§ WHAT IS REQUIRED
Pull each line with the string "over" from the entries.

*** EXERCISE MATERIAL

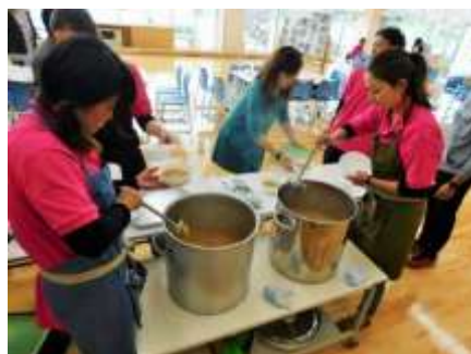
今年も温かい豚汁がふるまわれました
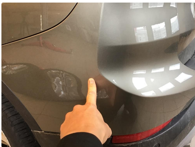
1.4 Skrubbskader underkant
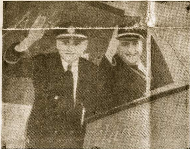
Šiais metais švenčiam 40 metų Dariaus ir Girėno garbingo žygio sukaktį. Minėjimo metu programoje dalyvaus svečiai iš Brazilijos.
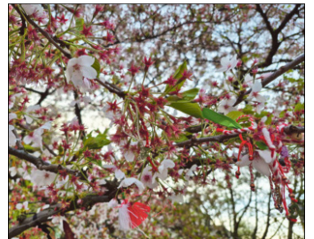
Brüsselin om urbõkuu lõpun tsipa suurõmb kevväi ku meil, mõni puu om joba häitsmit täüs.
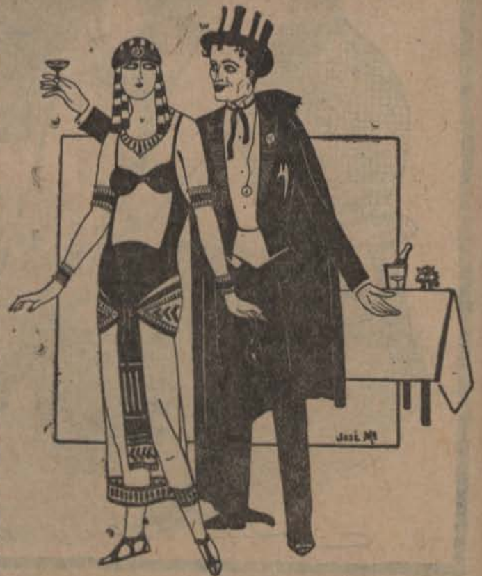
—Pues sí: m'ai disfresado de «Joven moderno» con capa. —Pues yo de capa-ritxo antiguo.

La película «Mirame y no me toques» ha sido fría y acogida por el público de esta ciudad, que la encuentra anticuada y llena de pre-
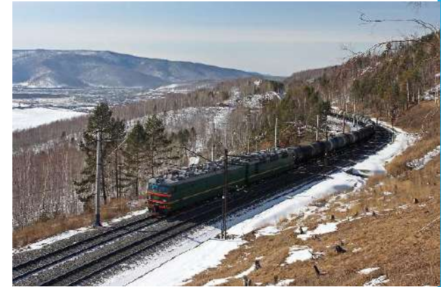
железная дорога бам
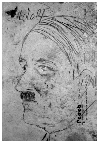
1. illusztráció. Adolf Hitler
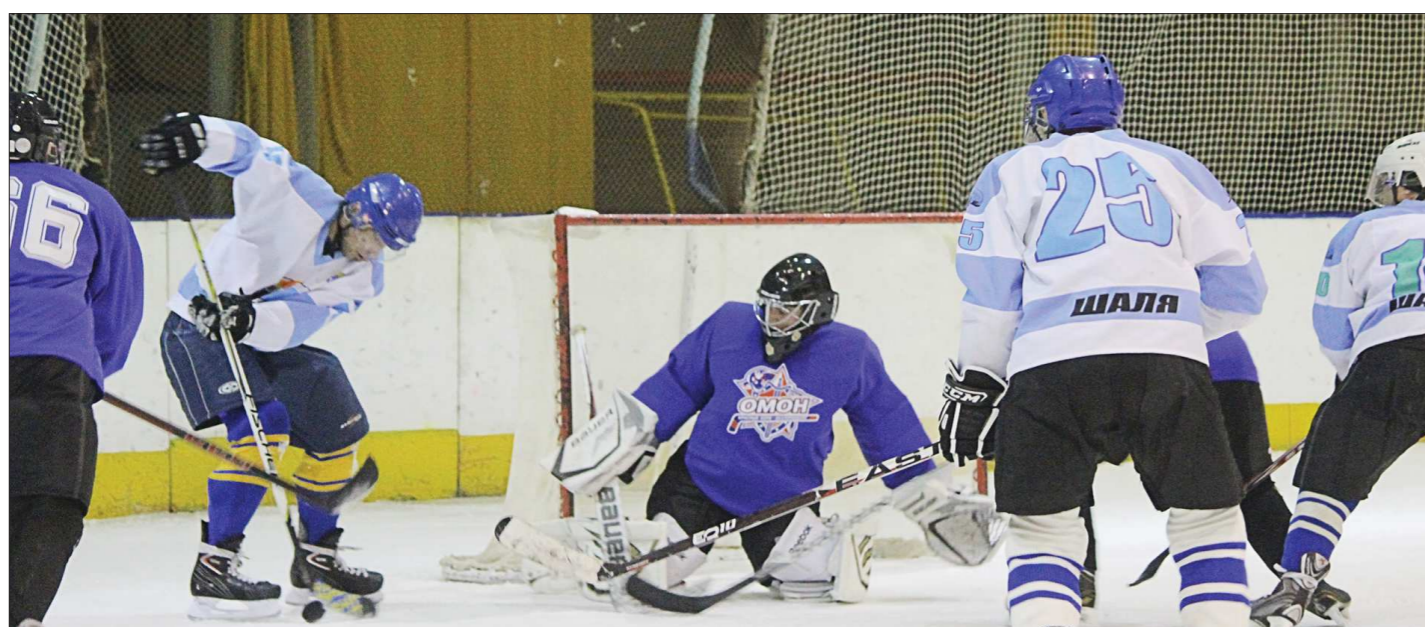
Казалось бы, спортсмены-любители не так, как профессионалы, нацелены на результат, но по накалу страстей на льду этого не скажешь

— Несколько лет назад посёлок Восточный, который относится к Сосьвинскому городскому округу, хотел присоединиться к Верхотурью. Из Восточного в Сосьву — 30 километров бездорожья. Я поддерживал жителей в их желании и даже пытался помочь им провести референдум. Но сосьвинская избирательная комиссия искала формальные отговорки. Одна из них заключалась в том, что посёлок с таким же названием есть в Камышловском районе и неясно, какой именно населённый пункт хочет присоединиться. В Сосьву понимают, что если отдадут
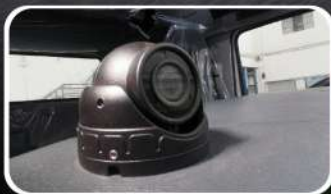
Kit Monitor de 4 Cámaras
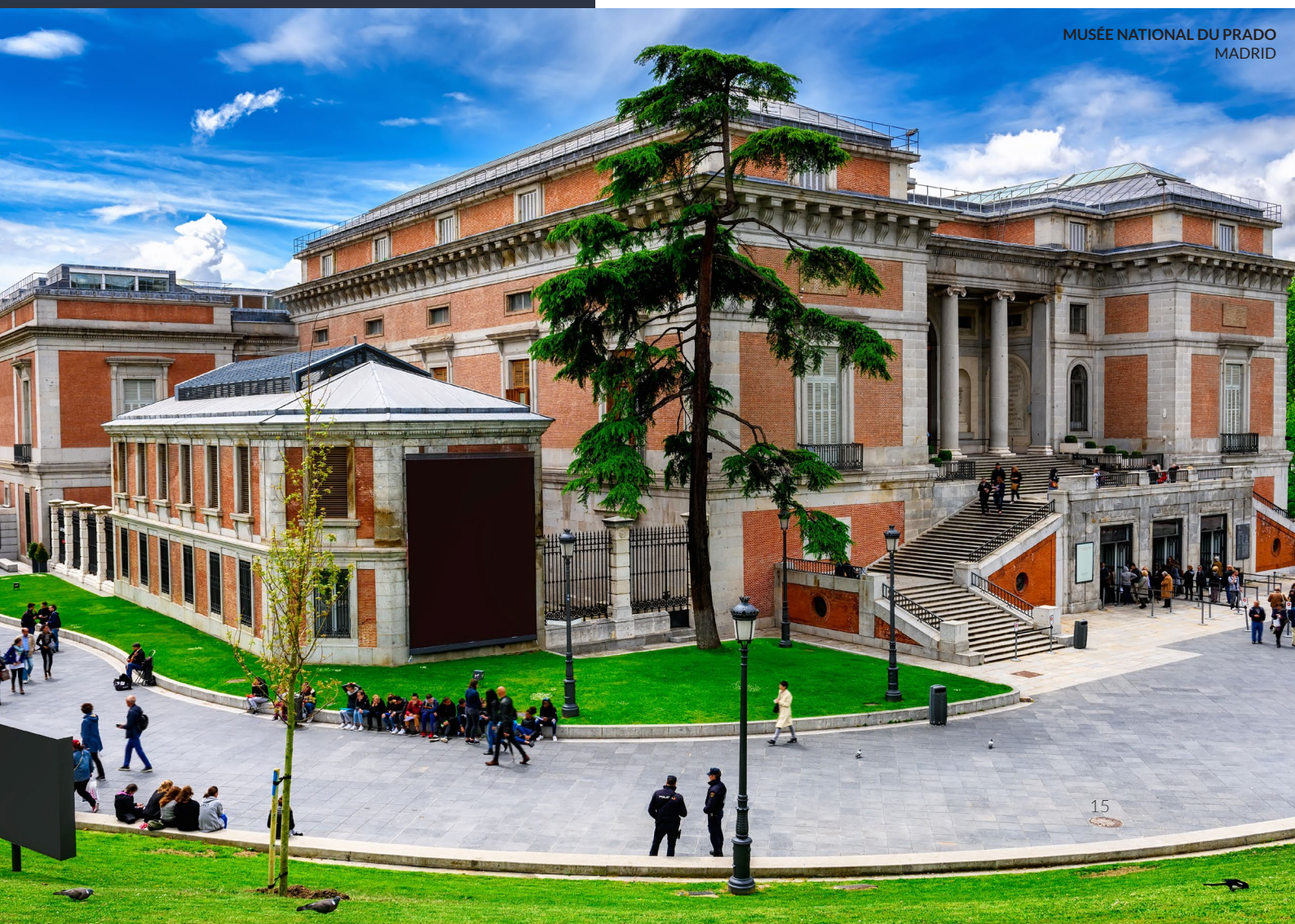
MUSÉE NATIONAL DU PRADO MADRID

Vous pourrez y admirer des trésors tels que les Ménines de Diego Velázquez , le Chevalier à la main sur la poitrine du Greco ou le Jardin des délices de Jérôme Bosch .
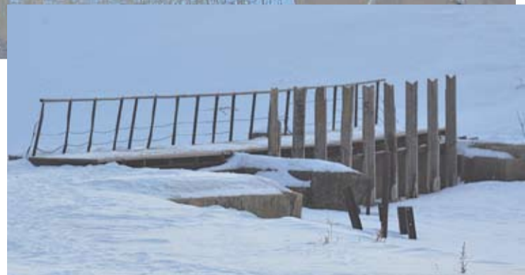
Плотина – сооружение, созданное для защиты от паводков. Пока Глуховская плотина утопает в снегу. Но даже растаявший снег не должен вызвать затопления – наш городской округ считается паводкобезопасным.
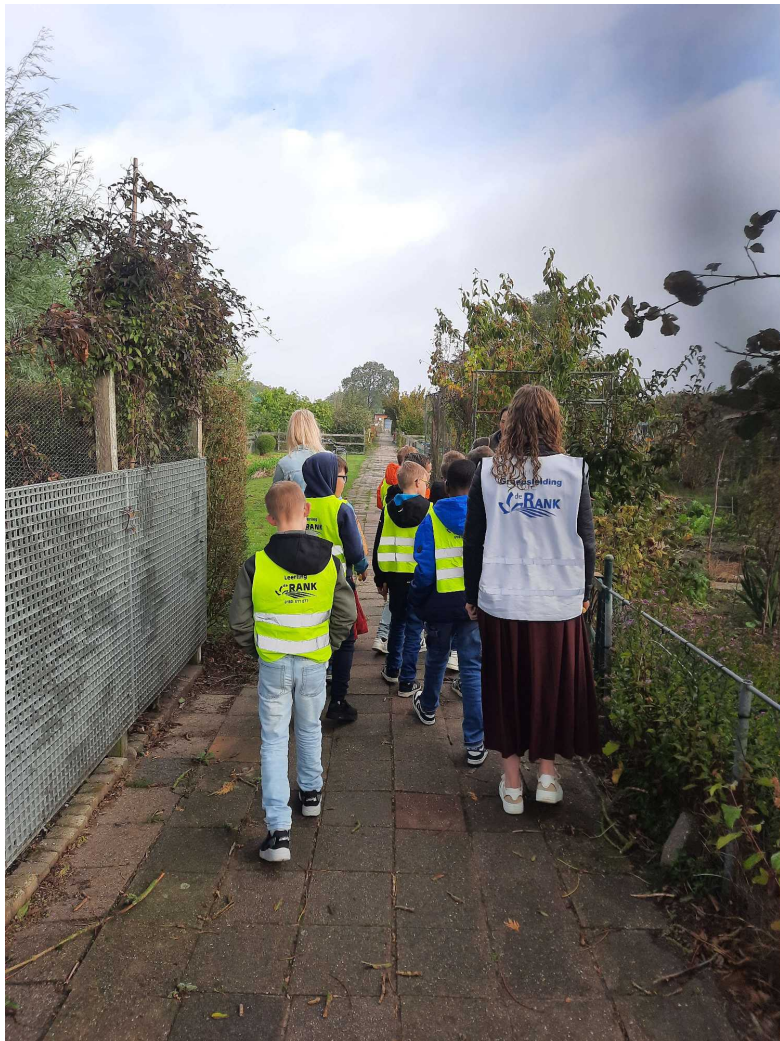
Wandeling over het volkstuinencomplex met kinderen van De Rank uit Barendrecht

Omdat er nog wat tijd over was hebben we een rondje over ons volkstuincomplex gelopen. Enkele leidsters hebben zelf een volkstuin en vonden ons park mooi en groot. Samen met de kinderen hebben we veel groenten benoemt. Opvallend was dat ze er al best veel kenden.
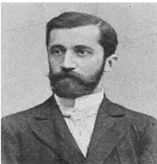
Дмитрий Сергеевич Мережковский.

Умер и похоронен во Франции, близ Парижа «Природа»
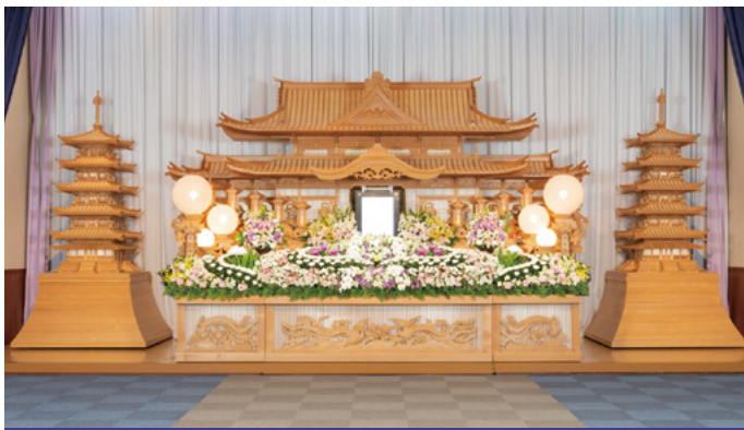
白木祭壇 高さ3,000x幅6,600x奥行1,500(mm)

******

§ RESULT OF THIS TASK
Wandeling over het volkstuinencomplex met kinderen van De Rank uit Barendrecht
Omdat er nog wat tijd over was hebben we een rondje over ons volkstuincomplex gelopen. Enkele leidsters hebben zelf een volkstuin en vonden ons park mooi en groot. Samen met de kinderen hebben we veel groenten benoemt. Opvallend was dat ze er al best veel kenden.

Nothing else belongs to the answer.